In the winter of 1971/72 Albert and I were living in Munich, Germany. I was writing In Search and living near Englischer Garten in a fourth floor, cold water walkup I shared with my Finnish girlfriend, Mirja. Albert lived a floor below with girlfriend, Turid. Across the street was Roberto Detreé, an Argentine guitar player. As Gruppe Between, his band had just released Einsteig, from which Peter Hamel was to go on to later embody the emerging “new simplicity” musical movement in Germany.
Albert and I were playing at a few clubs and recording for the Czech department of Radio Free Europe, broadcasting “freedom dulcimer” over the Iron Curtain. After a few months of that Albert decided he should head to Morocco, or any other place that was warm, and escape the Munich winter. A longtime fan of opera, he thought a detour to Vienna and then on to Florence, Italy would suit him fine. He left.

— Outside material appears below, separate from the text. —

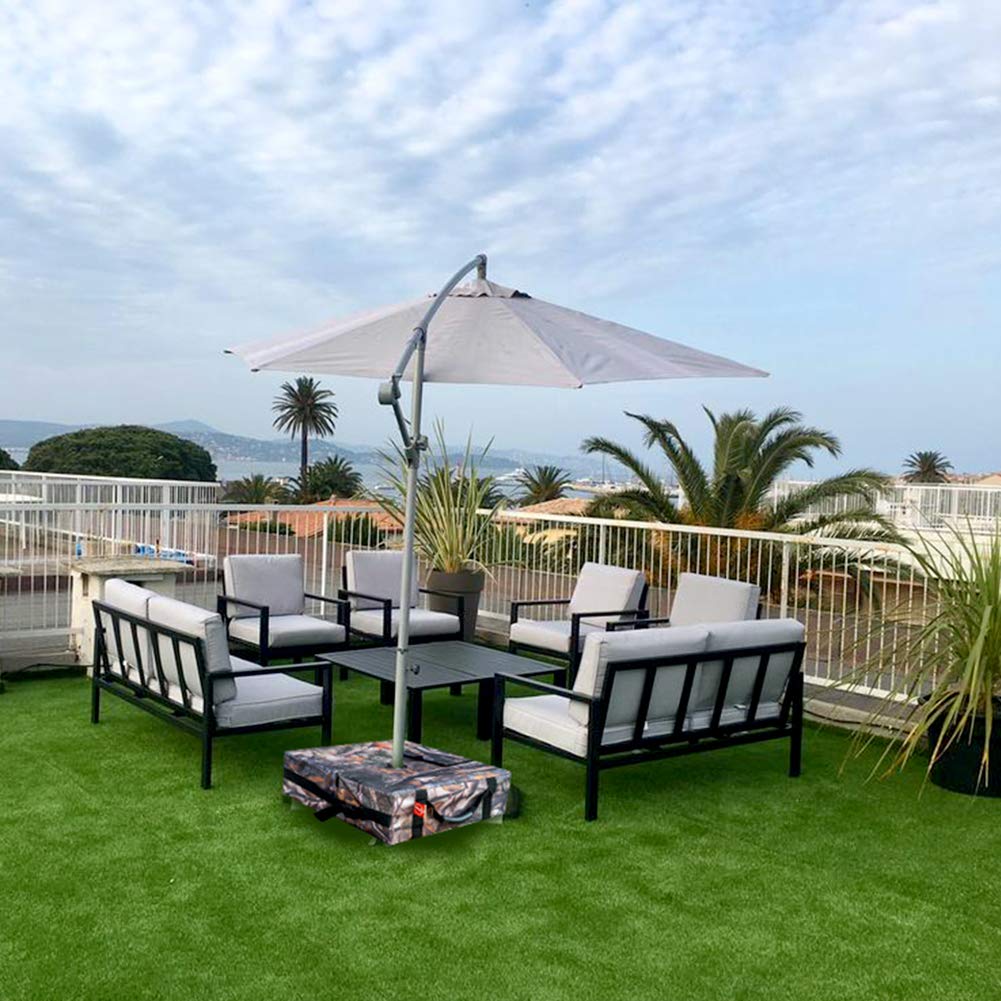 Stabilize your offset patio umbrellas cross base with this saddlebag style sand bag. They are great quality, water proof and worth the price. Please select your parts from the options below. Fill with between 44 lbs.

Meanwhile Roberto and Peter, scheming on how to get their LP off the ground, had found some gigs for which they wanted Albert and I to open and then to be guest artists in their sets. “We need to go find him,” declared Roberto a few days before Christmas. We had just received a postcard that he was in Florence. So Roberto and I got into his Volkswagen van and drove to Florence. We took a pensione for the day and split up to look for him. Being an art lover we thought Albert might be at the statute of David or near the Ponte Vecchio. My job was to check music stores.
A few blocks from the pensione I found a small store with a beautiful hurdy gurdy in the window and thought, “He will come by here eventually.” I went back to the room on that sunny pre-Christmas day, opened the window and sat out on the ledge playing dulcimer in that wonderful Tuscany light. Firenze-- Florence-- was born of that light, that search, that certainty of finding him.
Roberto came back and reported no success. I told him what I had found at the music store. He asked where it was and I said I'd lead him there. As we turned the corner, there was Albert with his face pressed up against the store's window. This is a true story and is just as magical as it sounds. Albert went on traveling for a few more weeks and then rejoined us in Munich.
Playing Firenze brought us together in our timing and defined our double-dulcimer style. It was our opening tune at most performances-- our overture. If we could hit the needed, perfect timing on Firenze, all was good. I play it solo on the Pacific Rim LP. It shows up as a duo on Art of Dulcimer.